College Students Left Scrambling As Online E-Book Piracy Website Gets Shut Down By Feds
A pair of Russian book bootleggers, whose massive free e-book library was sought after by college students who couldn't afford their textbooks, has been busted on piracy charges.
The Justice Department has charged 33-year-old Anton Napolsky and 27-year-old Valeriia Ermakova with copyright infringement, wire fraud, and money laundering charges for founding the Z-Library, which had approximately 11 million books and 84 million articles available for download. Both men were detained on November 3rd in Cordoba, Argentina. The feds promptly shut down Z-Library's 249 online domains around the time of the arrests.
Z-Library has had a 13-year run online. Established in 2009, the site held a massive collection of copyrighted books and articles that users could download for free. Those looking for additional resources could donate just $1 for a premium account on what was dubbed "the world's largest library,"
Though illegal, this resource was highly regarded amongst students on tight budgets whose studies required expensive reading materials. Chaithanya, a Z-library user studying to receive her Ph.D. at the National Institute of Advanced Studies in India, says that even her school's library does not always have the necessary textbooks. When she does find them for sale, one book can cost half of her monthly salary.
"We are just on our stipends. I was heartbroken when I heard they are shutting down Z-library," the young woman explained.
Josefina Espino, a Medill freshman, called the shutting down of Z-Library a "tragedy."

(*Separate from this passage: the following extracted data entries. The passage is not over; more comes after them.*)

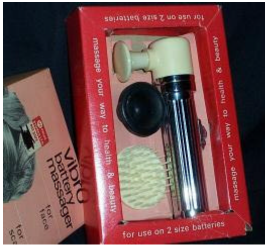
1970s Vibro battery massager/vibrator with 3 attachments for face, scalp and body. Uses 2 C batteries.
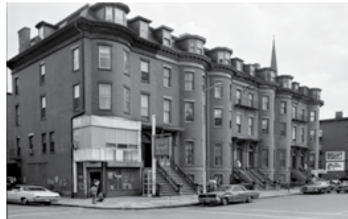
Image from the 1972 South End Streets Survey

If you are interested in reproducing a SEHS image for personal, commercial, or research purposes, please contact us at 617-536-4445 or admin@southendhistoricalsociety.org for more information about our image collection, fees, and policies.
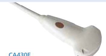
CA430E Abdominal, Ob/Gyn, Vascular, Contrast Agents Procedures Variable-Band Convex Array
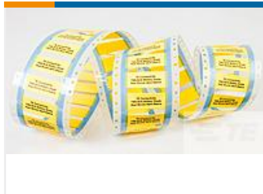
TE Part #330433-000 TMS-SCE-2X-1K-3/16-9
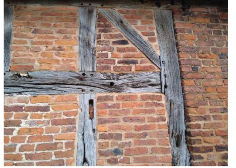
5. Exterior view timber frame detail top panels j and k
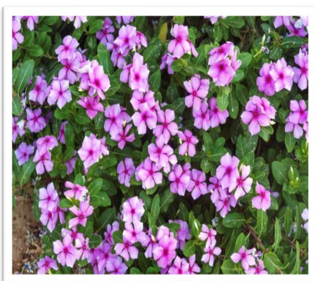
12. Catharanthus roseus
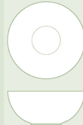
SALAD BOWL M 6315 Ø 24.0 cm. (9 1 / 2 ") 1,230 g. M 6316 Ø 21.0 cm. (8 1 / 4 ") 928 g. NOODLE BOWL M 6317 Ø 17.0 cm. (6 3 / 4 ") 609 g.
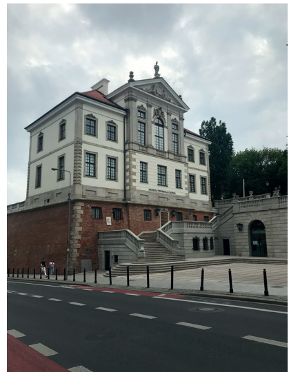
Fig. 15. Ostrogski Palace, Chopin Museum in Warsaw
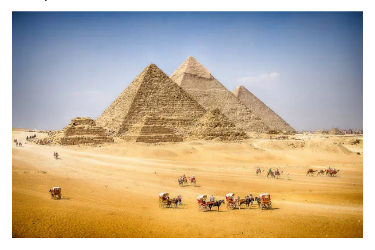
Day 2: Memphis, Sakkara, Pyramids Tour
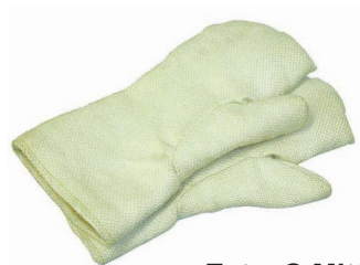
Zetex® Mitts 14" with Wool Lining V7P-174ZWL

Kevlar® and Nomex® are registered trademarks of E.I. DuPont DeNemours & Co. Zetex® is a registered trademark of Newtex Industries. Velcro® is a registered trademark of Velcro USA Companies Inc.
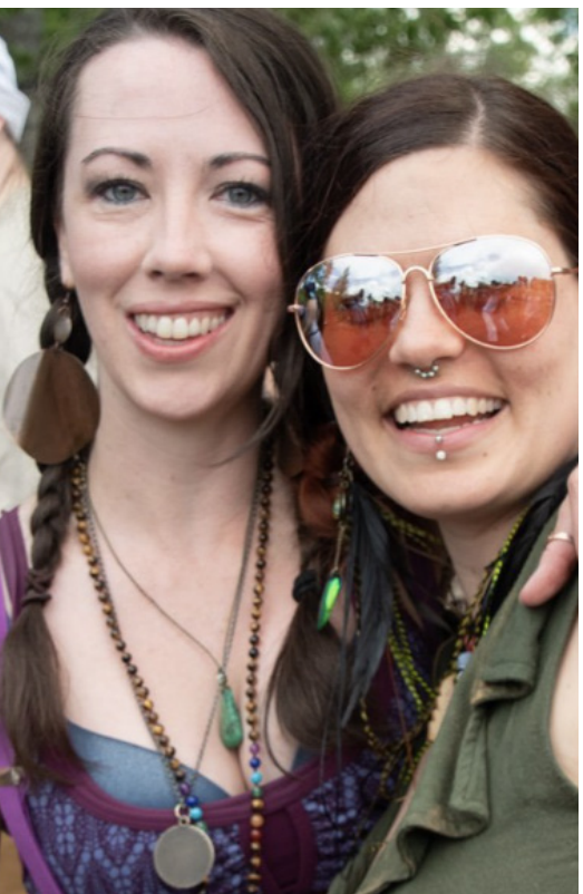
FREEZER BURN 2022
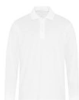
WHITE No PMS
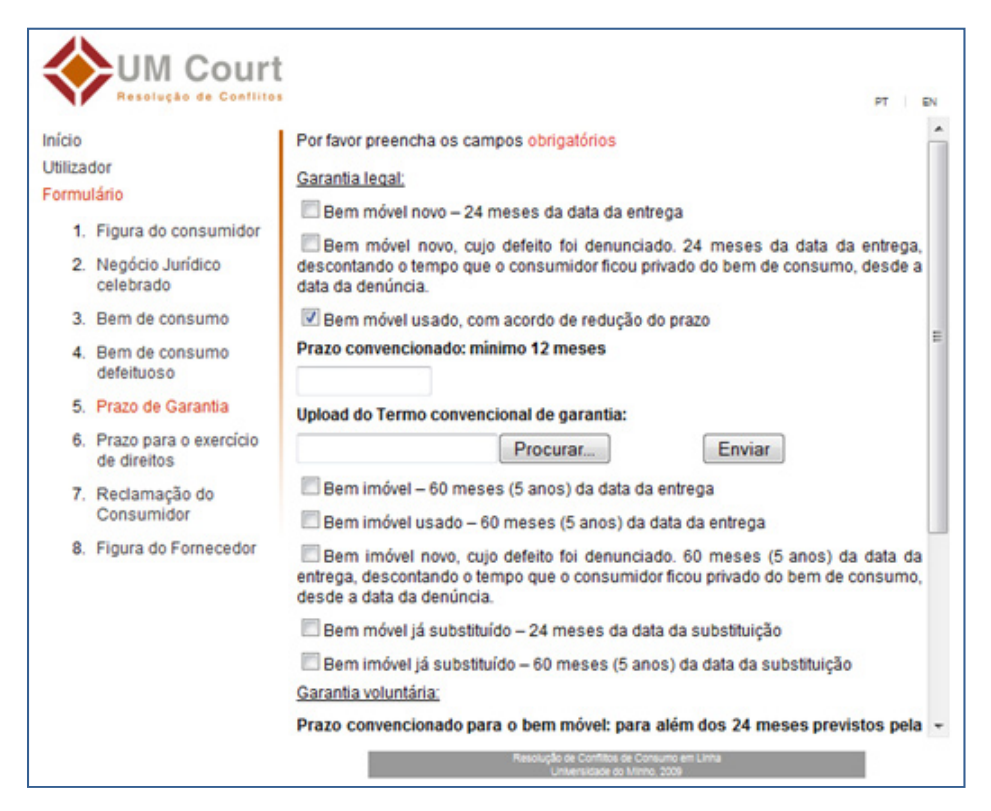
Figure 3 - Online form.

two big colored rectangles and the result of its intersection, the ZOPA – Zone of Potential Agreement (Lewicki, 1999), another very important concept that allows the parties to see between which limits is an agreement possible. The picture also shows each case and its position in the ordered axis of increasing satisfaction, in the shape of the smaller rectangles.
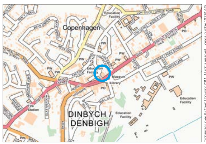
Not to scale. For identification purposes only

Description A three storey four bedroomed modern town house property benefiting from double glazing, central heating, allocated parking and a decked roof terrace. The property is currently let by way of an Assured Shorthold Tenancy producing £7,200 per annum.
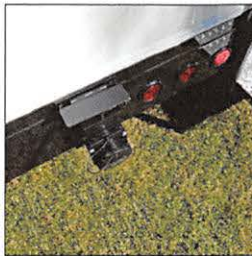
The rear bumper center-mounted dump valve provides ease of service, or use the above-tank evacuation in the service compartment.

Trailer Height (w/AC): 121" Trailer Length: 183" Trailer Width: 96" Restroom Int. Width: 48.5" Restroom Int. Length: 41.5" Restroom Int. Height: 80.5" Door Opening: 72x24" Dry Weight: 2520 lbs. Loaded Weight: 3600 lbs. Axle Rating: 6000 lbs. Fresh Tank Capacity: 90 gal. Waste Tank Capacity: 150 gal. Service Access Doors: 1 Average Number of Uses: 280
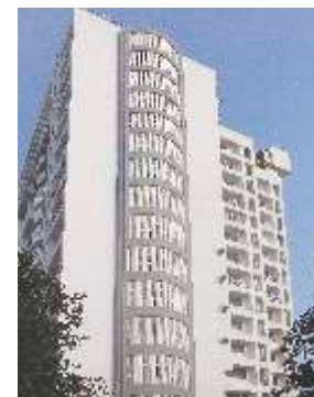
Lalita Girdhar Tower 1, Mahim
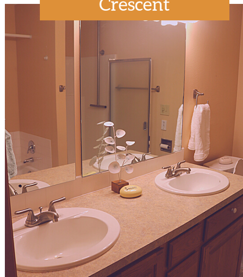
Double sinks in main bath, plus separate tub and walk in shower. Decide your paint color.
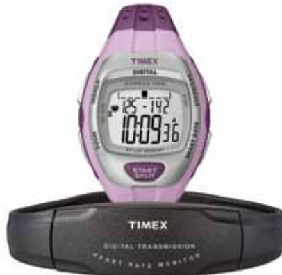
T5K627 • $249.00 NEW
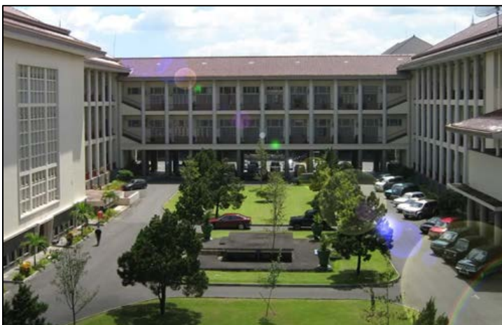
Gadjah Mada University campus

The June 24–July 7 program, Democracy and Cultural Diversity in Indonesia , will focus on Indonesian politics, religious and ethnic diversity and conflict in a rapidly changing Southeast Asian society. Yogyakarta is a vibrant hub

While prosecutors sympathize with scholars who have relied on this free resource, they refuse to excuse the scheme.
"The defendants profited illegally off work they stole, often uploading works within mere hours of publication, and in the process victimized authors, publishers, and booksellers," U.S. Attorney Breon Peace stated.
Amazon, whose self-publishing platform produces and sells millions of books by indie authors, is one of the corporations that assisted with the investigation. Google also helped by handing over email addresses associated with Napolsky and Ermakova.